Capitalized interest caused interest expense to decrease $0.2 million for both the second quarter and first six months of 2024 as compared to the same periods in 2023. During the second quarter of 2024, we capitalized $0.2 million of interest expense related to the extensive renovation work at The Confidante Miami Beach as it transitions to Andaz Miami Beach.
Our weighted average interest rate per annum, including our variable rate debt obligations and excluding capitalized interest, was approximately 5.8% and 5.9% at June 30, 2024 and 2023, respectively. Approximately 51.1% and 51.2% of our outstanding notes payable had fixed interest rates or had been swapped to fixed interest rates at June 30, 2024 and 2023, respectively.
Gain on sale of assets, net. Gain on sale of assets, net totaled zero and $0.5 million for the second quarter and first six months of 2024, respectively, and zero for both the second quarter and first six months of 2023. In the first quarter of 2024, we recognized an additional $0.5 million net gain related to a contingency resolution at a hotel sold in a prior year.
Gain on extinguishment of debt.

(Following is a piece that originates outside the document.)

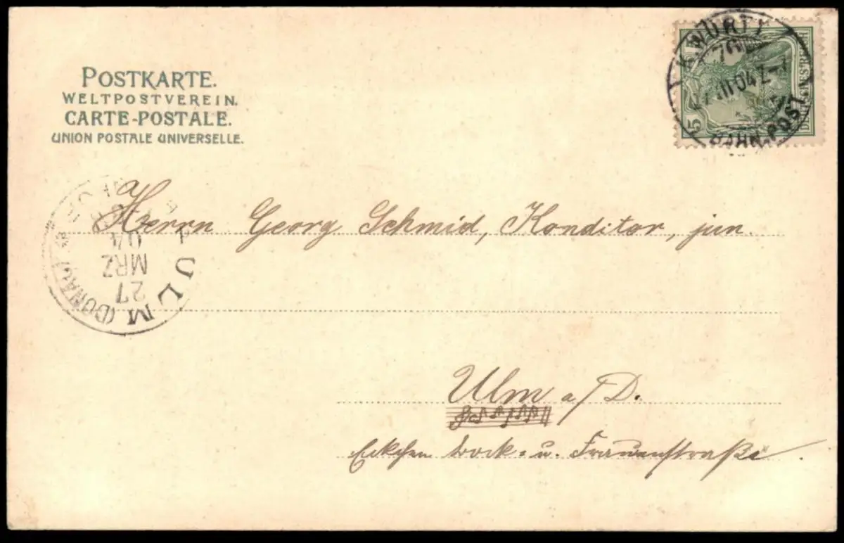 Gelaufen: 27.03.1904 mit Stempel Königlich Württembergische Bahnpost nach Ulm Konditor Georg Schmid jun.Erhaltung (s. Scan): gut / 917039

Gain on extinguishment of debt totaled $38,000 and $12,000 for the second quarters of 2024 and 2023, respectively, both of which were related to potential employee-related obligations held in escrow associated with our assignment of a hotel to the hotel’s mortgage holder in 2020. In the second quarter of 2024, the escrow agreement was terminated and we recorded a gain of $38,000 due to the release of the remaining potential employee-related obligations in conjunction with the termination. In the second quarter of 2023, we recorded a gain of $12,000 associated with reassessments of the remaining potential employee-related obligations held in escrow.

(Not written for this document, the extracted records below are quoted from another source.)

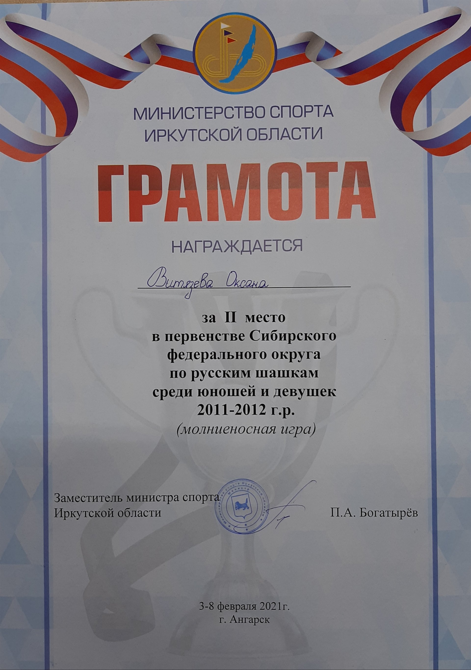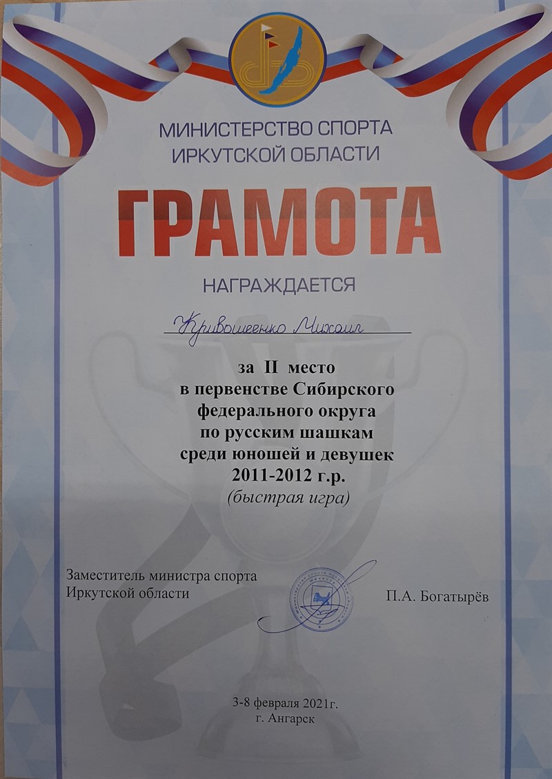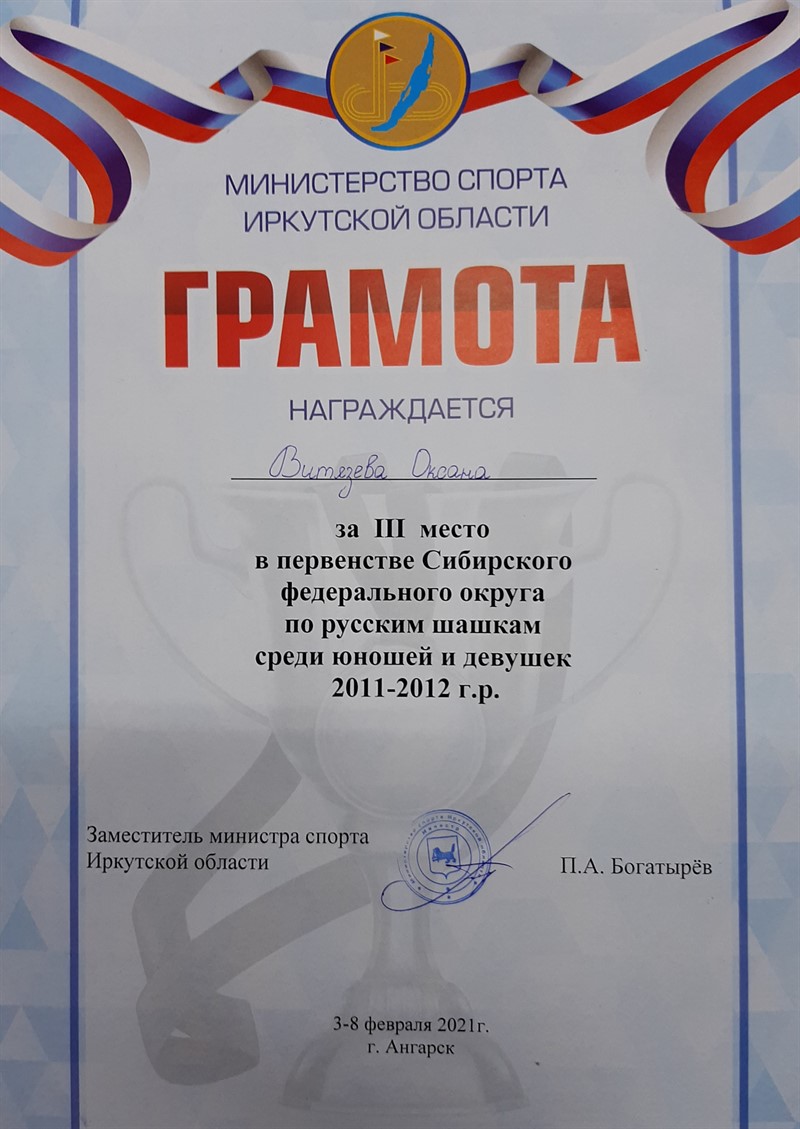 - Витязева Оксана – бронзовая медаль в классической программе и серебряная медаль в молниеносной программе среди девочек 2011-2012 г.р.
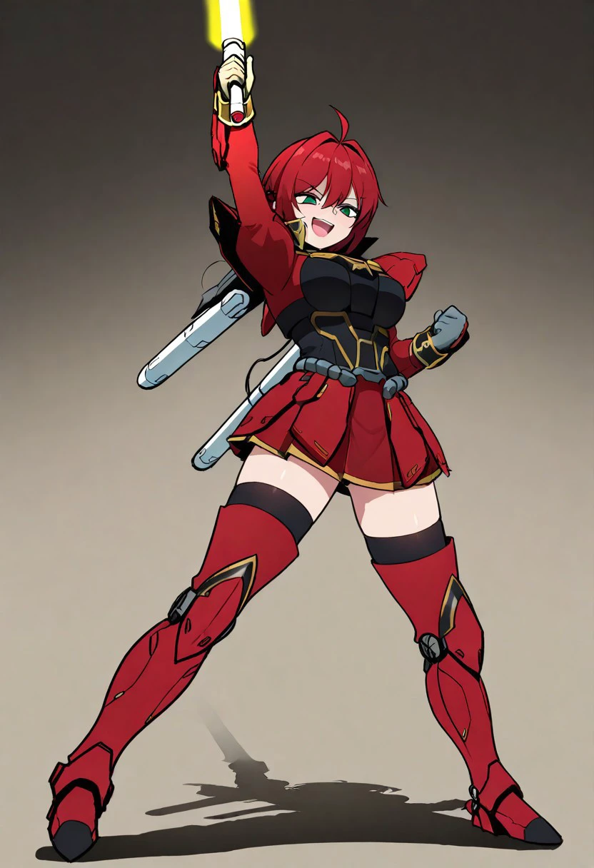 Outfit (Armor): red and black shirt, gold trim, high collar, puffed shoulders, wristcuffs, armor, red skirt, pleated skirt, black thighhighs, red thighboots, backpack, mecha musume, gray gloves
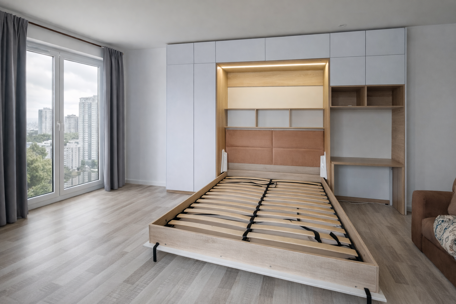 4. Это мебель трансформер, которая может использоваться как кровать или шкаф одновременно, экономя тем самым пространство.
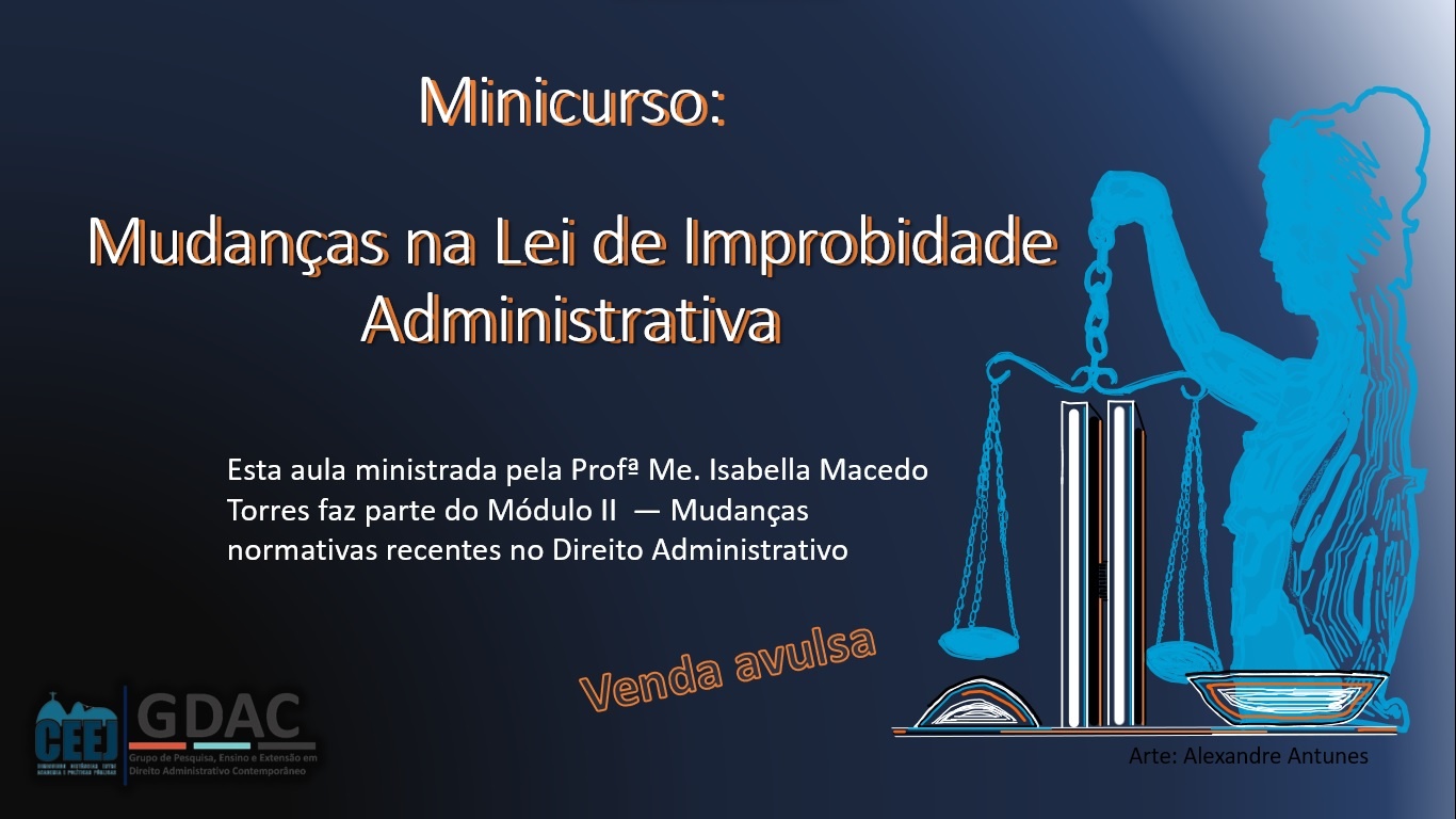 Este curso livre de 16h (Mudanças Normativas Recentes no Direito Administrativo), cujo módulo completo é formado por 10 aulas, também está disponível aqui no Sympla, com valor promocional, 50% de desconto para o módulo completo. Avalie e faça corretamente sua escolha, não há como fazer trocas entre os cursos CEEJ, após a compra.
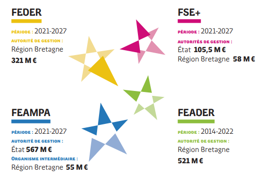En France, une partie des fonds Européens est confiée aux régions pour mieux répondre aux enjeux spécifiques des territoires. Les enveloppes allouées à la Bretagne sont gérées majoritairement par le Conseil Régional de Bretagne (CRB), en partenariat avec l’État. Près de 40.000 projets ont été soutenus depuis 2014. Pour la période 2021-2027, la Bretagne bénéficiera à nouveau de 4 fonds européens :
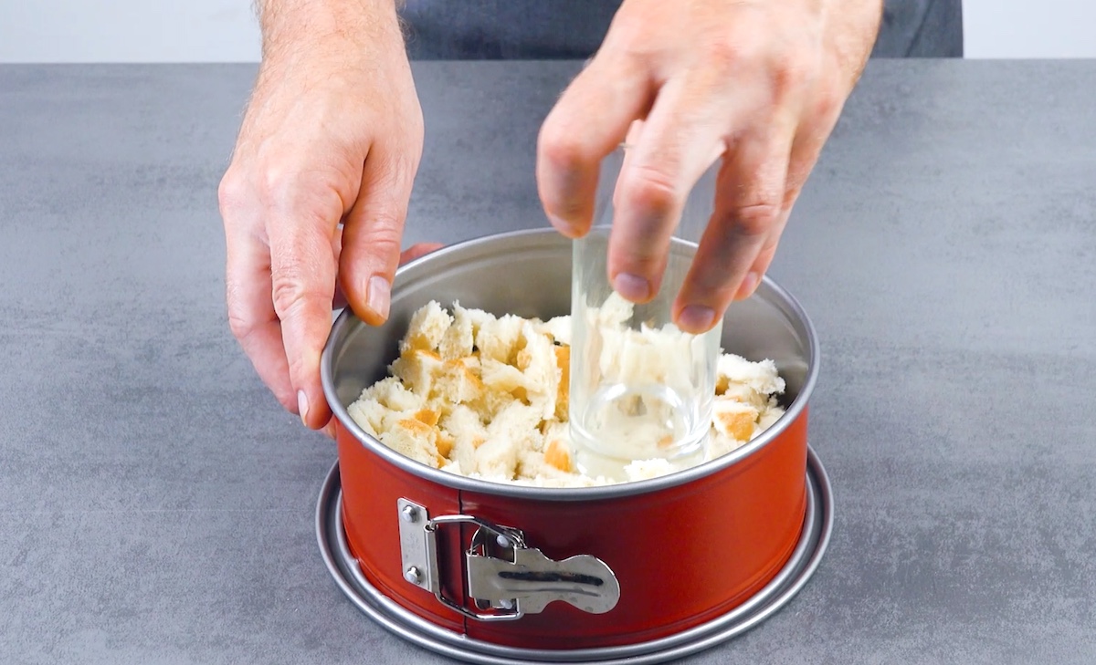 2. Zerreiße das Toastbrot und drücke es mithilfe eines Glases fest auf den Boden einer Springform, sodass ein Toastboden entsteht.

For the first six months of 2024 and 2023, gain on extinguishment of debt totaled $0.1 million and $9.9 million, respectively. During the first six months of 2024, we recognized $21,000 due to reassessments of the remaining potential employee-related obligations held in escrow, and $38,000 due to the termination of the escrow agreement as noted above in the discussion regarding the second quarter of 2024. During the first six months of 2023 we recognized a gain of $9.9 million, comprised of $9.8 million from the relief of the majority of the potential employee-related obligations, with the funds released to us from escrow, and $0.1 million due to reassessments of the remaining potential employee-related obligations held in escrow.

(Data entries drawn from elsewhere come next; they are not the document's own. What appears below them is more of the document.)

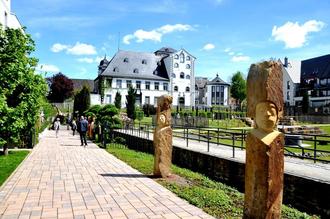 Die überaus liebevoll geschaffenen Außenanlagen präsentieren Stein- und Metallskulpturen und laden ein, sich mit den Werken zu beschäftigen.
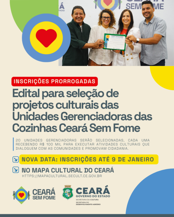O Governo do Ceará prorrogou, até o dia 9 de janeiro, o prazo de inscrição para o edital que seleciona projetos culturais a serem desenvolvidos nas Cozinhas do Programa Ceará Sem Fome. A iniciativa é realizada por meio do Programa Ceará Sem Fome, em parceria com a Secretaria da Cultura do Ceará (Secult) e a Secretaria do Desenvolvimento Agrário (SDA).
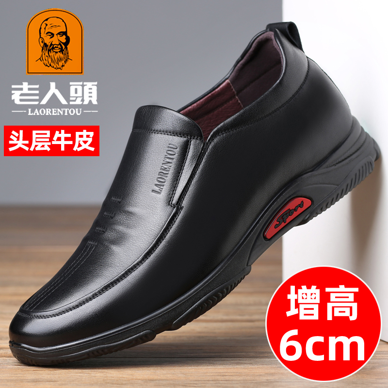 老人头皮鞋男真皮休闲男鞋隐形内增高皮鞋增高6cm小码透气男婚鞋
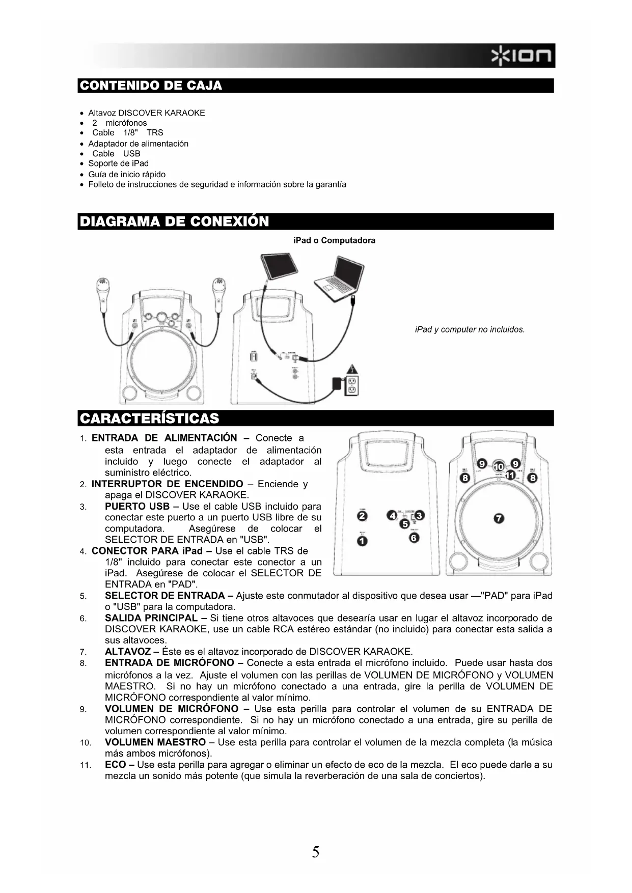 - Altavoz DISCOVER KARAOKE • 2 micrófonos • Cable 1/8" TRS • Adaptador de alimentación • Cable USB • Soporte de iPad • Guía de inicio rápido • Folleto de instrucciones de seguridad e información sobre la garantía
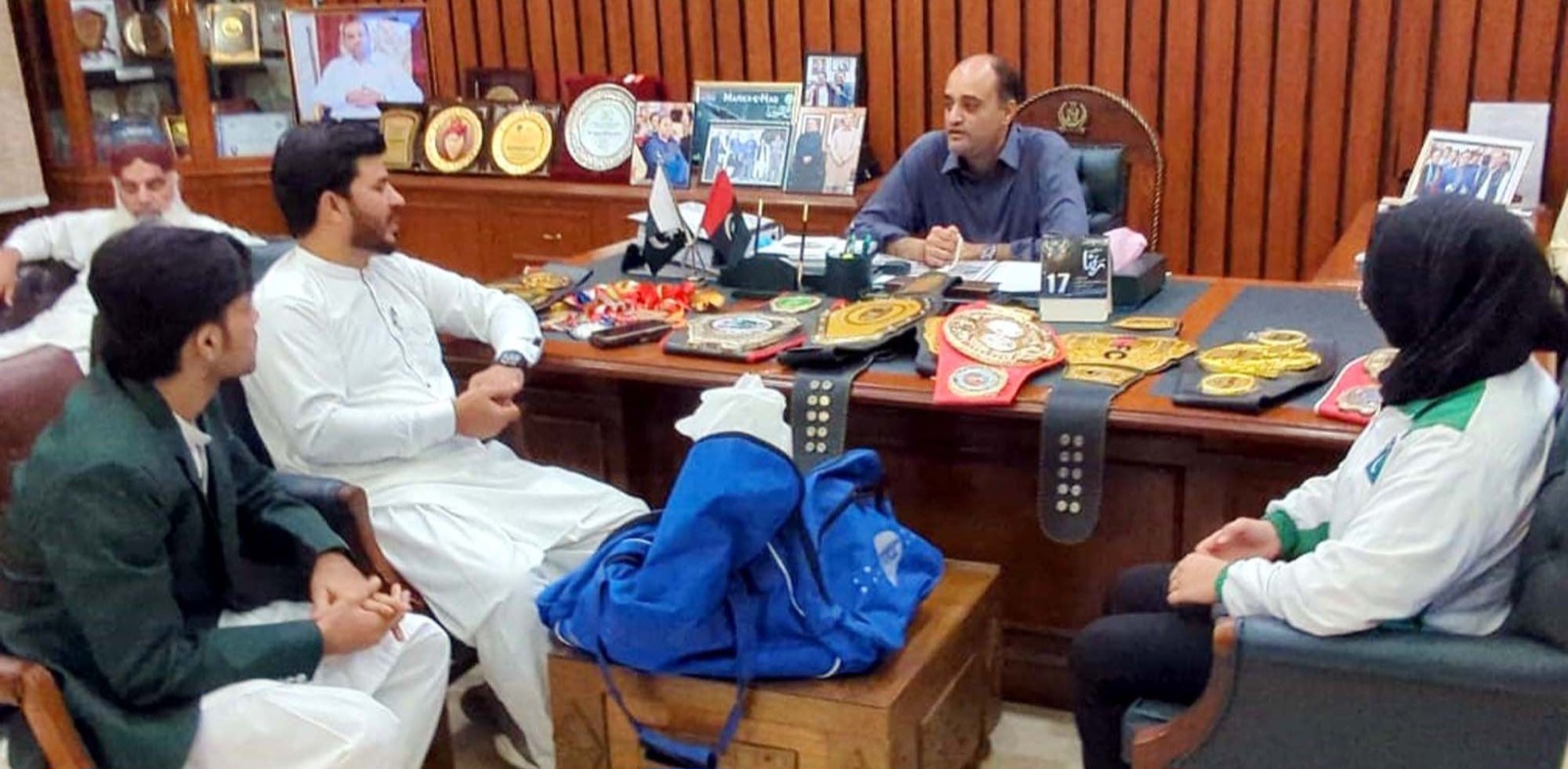 ڈپٹی میئر کراچی سلمان عبداللہ مراد سے پروفیشنل باکسر، ورلڈ اور نیشنل چیمپئن آغا کلیم اور کک باکسنگ فائٹر رابعہ نور نے صدر دفتر بلدیہ عظمیٰ کراچی میں ان کے دفتر میں ملاقات کی، ملاقات میں باکسنگ سمیت شہر میں کھیلوں کے فروغ، نوجوانوں کی حوصلہ افزائی اور سرکاری سرپرستی کے عملی اقدامات پر تفصیلی تبادلہ خیال کیا گیا،ڈپٹی میئر کراچی سلمان عبداللہ مراد نے کہا کہ کھیل نوجوانوں کو مثبت سمت دیتے ہیں اور باصلاحیت کھلاڑی ہمارا قیمتی سرمایہ ہیں،

Income tax (provision) benefit, net. We lease our hotels to the TRS Lessee and its subsidiaries, which are subject to federal and state income taxes. In addition, we and the Operating Partnership may also be subject to various state and local income taxes.
In the second quarter and first six months of 2024, we recognized a current income tax provision of $0.3 million and a net current income tax benefit of $0.6 million, respectively, resulting from current state and federal income tax expenses, net of any refunds.
In the second quarter and first six months of 2023, we recognized current income tax provisions of $0.8 million and $1.2 million, respectively, resulting from current state and federal income tax expenses.
Preferred stock dividends. Preferred stock dividends were incurred as follows (in thousands):
| | | | | | | | | | | | | |
| | Three Months Ended June 30, | | Six Months Ended June 30, | |
| | 2024 | | 2023 | | 2024 | | 2023 | |
Series G preferred stock | | $ | 497 | | $ | 582 | | $ | 994 | | $ | 1,164 | |
Series H preferred stock | | | 1,761 | | | 1,761 | | | 3,522 | | | 3,522 | |
Series I preferred stock | | | 1,425 | | | 1,425 | | | 2,850 | | | 2,850 | |
Total preferred stock dividends | | $ | 3,683 | | $ | 3,768 | | $ | 7,366 | | $ | 7,536 | |
The Series G preferred stock initially accrued dividends at a rate equal to the Montage Healdsburg’s annual net operating income yield on our total investment in the resort. In January 2024, the annual dividend rate increased to the greater of 3.0% or the rate equal to the Montage Healdsburg’s annual net operating income yield on our total investment in the resort. Beginning with the third quarter of 2024, the annual dividend rate will increase to the greater of 4.5% or the rate equal to the Montage Healdsburg’s annual net operating income yield on our total investment in the resort.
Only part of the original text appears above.